We have updated the semantics of CallFuture produced by ic_cdk::api::call in Rust CDK to only make the inter-canister call (i.e., call ic0::call_new, …, ic0::call_perform) when the future is actually awaited. This aligns with the Rust semantics of futures that are not supposed to do anything unless awaited (and there is a compiler warning about that if you don’t await a future). Please refer to the PR (fix: lazy CallFuture by mraszyk · Pull Request #391 · dfinity/cdk-rs · GitHub) for further motivation.
In particular, if a future is never awaited, then the inter-canister call is not performed at all. Otherwise, firing the call is postponed to the code location that awaits the future.

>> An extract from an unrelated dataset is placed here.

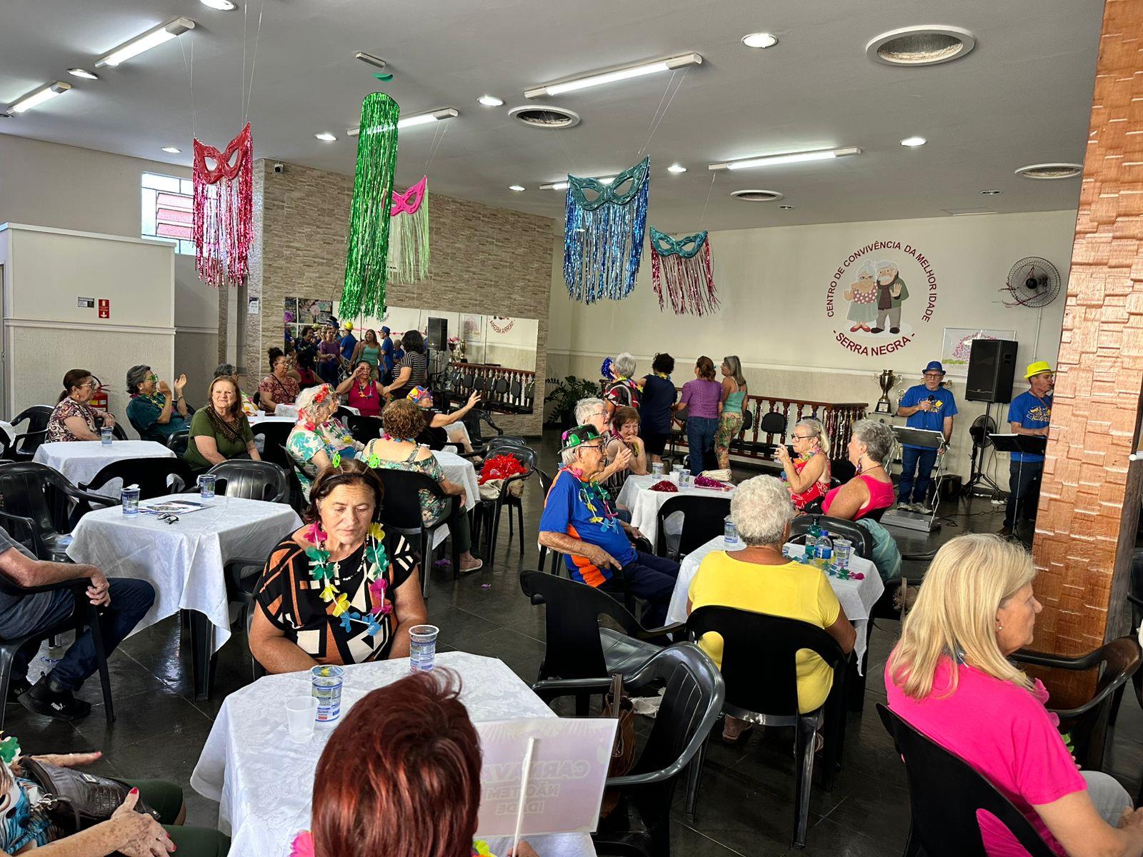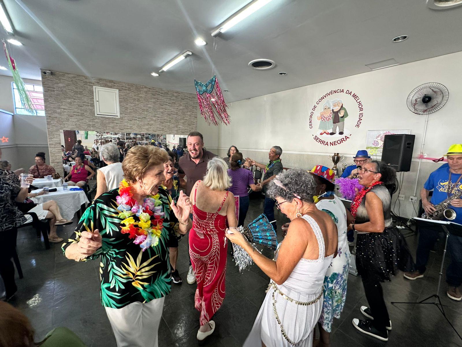 A Corporação Musical Lira de Serra Negra garantiu a animação, com marchinhas, adereços carnavalescos e um clima de descontração. A festa teve como objetivo promover a integração, o bem-estar e a valorização dos participantes. Essas ações, voltadas especialmente ao público da Melhor Idade, estimulam a convivência social e contribuem para a qualidade de vida.

This means that patterns such as
let mut futs = vec![];
for m in messages.iter() { futs.push(call(m)); }
for f in futs.iter() { f.await; }
do not fire the inter-canister calls in parallel, but rather sequentially (as the inter-canister calls are awaited sequentially).

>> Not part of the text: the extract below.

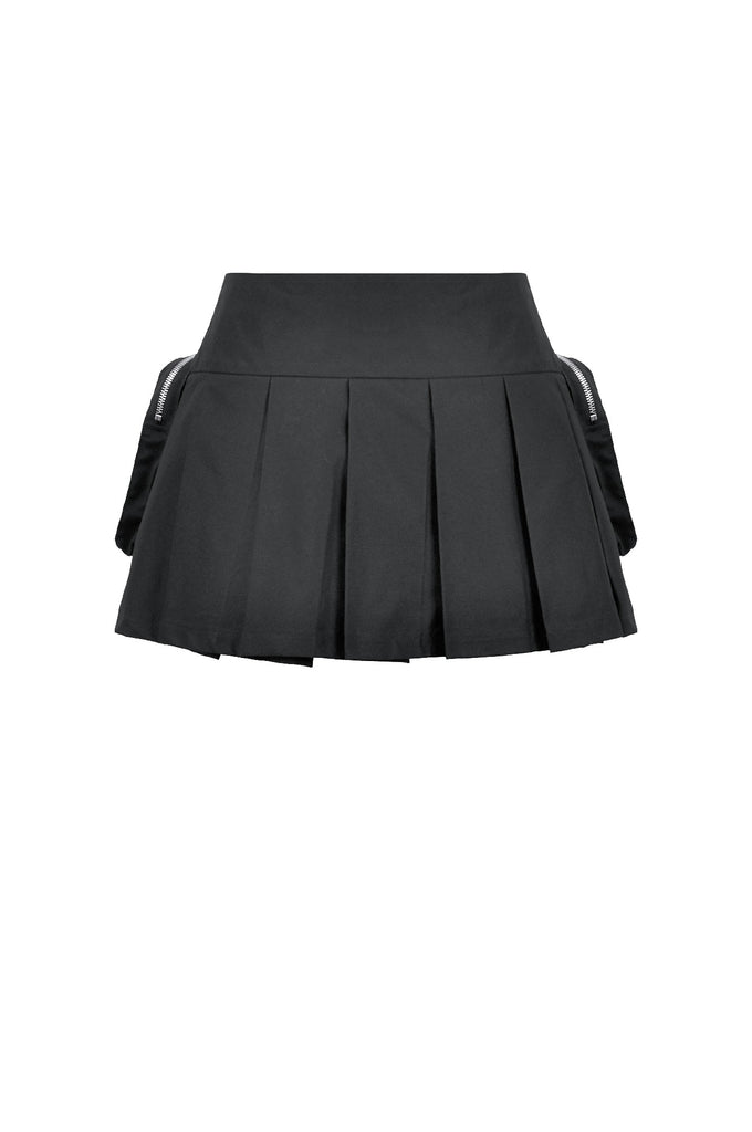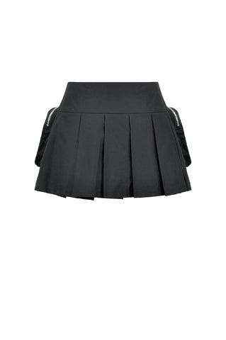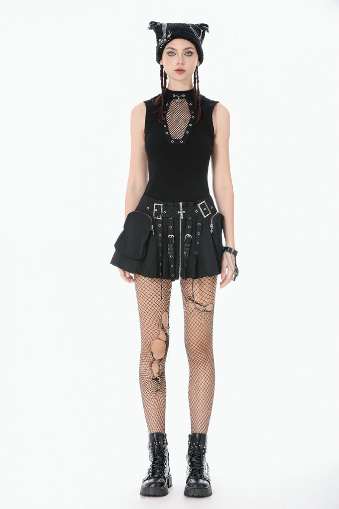 The inner pleated skirt adds volume and movement, balancing toughness with a subtle girlish edge. Tactical pockets on both sides bring utility-inspired attitude, enhanced by metal zippers and cross pendants. Plaid leather buckles, hardware straps, and square-ring details amplify the multidimensional, futuristic punk look.

To fire the inter-canister calls in parallel, patterns such as
let mut futs = vec![];
for m in messages.iter() { futs.push(call(m)); }
let stream = futures::stream::iter(futs).buffer_unordered(16);
stream.collect::<Vec<_>>().await;
must be used.
Note. This change will be released in the next Rust CDK release.
5 Likes
Hey there @mraszyk
Great job, thanks!
Is it possible to define a custom future on the IC?

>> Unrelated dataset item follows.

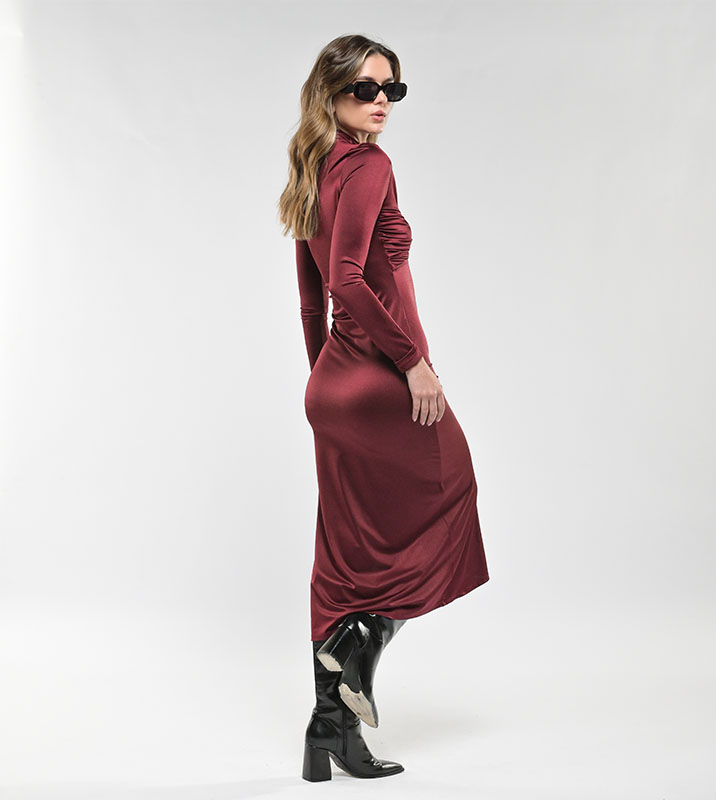 Vestido midi ajustado al cuerpo con falda semi suelta; la tela es licrada, manga larga y cuello alto. Tiene abertura lateral sobre el costado izquierdo. Como detalle tiene un drapeado sobre el pecho y el hombro derecho. Tipo de tela apta para clima frio o cálido, perfecto para uso formal e informal. Manufactura 100% Colombia.

I have a use-case, when I want to suspend the execution of a user-called canister method, until another canister method is called.
Here is my code:
#[derive(Default)]
pub struct SharedState {
completed: bool,
waker: Option<Waker>,
}
pub struct MyFuture {
shared_state: Arc<Mutex<SharedState>>,
}
impl MyFuture {
pub fn new() -> Self {
let shared_state = Arc::new(Mutex::new(SharedState::default()));
unsafe { FUTURE_STATE = Some(shared_state.clone()) };
Self { shared_state }
}
}
impl Future for MyFuture {
type Output = ();
fn poll(
self: std::pin::Pin<&mut Self>,
cx: &mut std::task::Context<'_>,
) -> std::task::Poll<Self::Output> {
let mut shared_state = self.shared_state.lock().unwrap();
if shared_state.completed {
Poll::Ready(())
} else {
shared_state.waker = Some(cx.waker().clone());
Poll::Pending
}
}
}
static mut FUTURE_STATE: Option<Arc<Mutex<SharedState>>> = None;
#[update]
async fn start() {
println!("[{}] start", time());
let f = MyFuture::new();
println!("[{}] future created, awaiting...", time());
f.await;
println!("[{}] await finished", time());
}
#[update]
fn resolve() {
println!("[{}] resolving the future...", time());
let arc = unsafe { FUTURE_STATE.as_mut().unwrap() };
let mut future_state = arc.lock().unwrap();
future_state.completed = true;
if let Some(waker) = future_state.waker.take() {
waker.wake();
}
println!("[{}] future resolved", time());
}
Calling start returns:
Reject code: 5
Reject text: Canister rrkah-fqaaa-aaaaa-aaaaq-cai did not reply to the call
Node’s logs are:
[Canister rrkah-fqaaa-aaaaa-aaaaq-cai] [1684325125083617071] start
[Canister rrkah-fqaaa-aaaaa-aaaaq-cai] [1684325125083617071] future created, awaiting...
Any help is appreciated!
You’re getting the error Canister rrkah-fqaaa-aaaaa-aaaaq-cai did not reply to the call because start does not make any inter-canister call and thus its call context is starved after yielding control at the await statement. Without further refactoring, the only approach I can see is to replace f.await by a loop of the form
loop {
call(id(), "noop").await;
if future_state.completed
{break;}
}
making an inter-canister call to a “no-op” method of the same canister to yield control. However, this would call “noop” in a tight loop and might result in a high cycle cost.
1 Like
Thanks a lot!
Could you please elaborate on what would I need to do in order to implement this behaviour efficiently?
I would recommend to refactor the code after f.await in start into a separate method that is called by resolve once the condition is met.
1 Like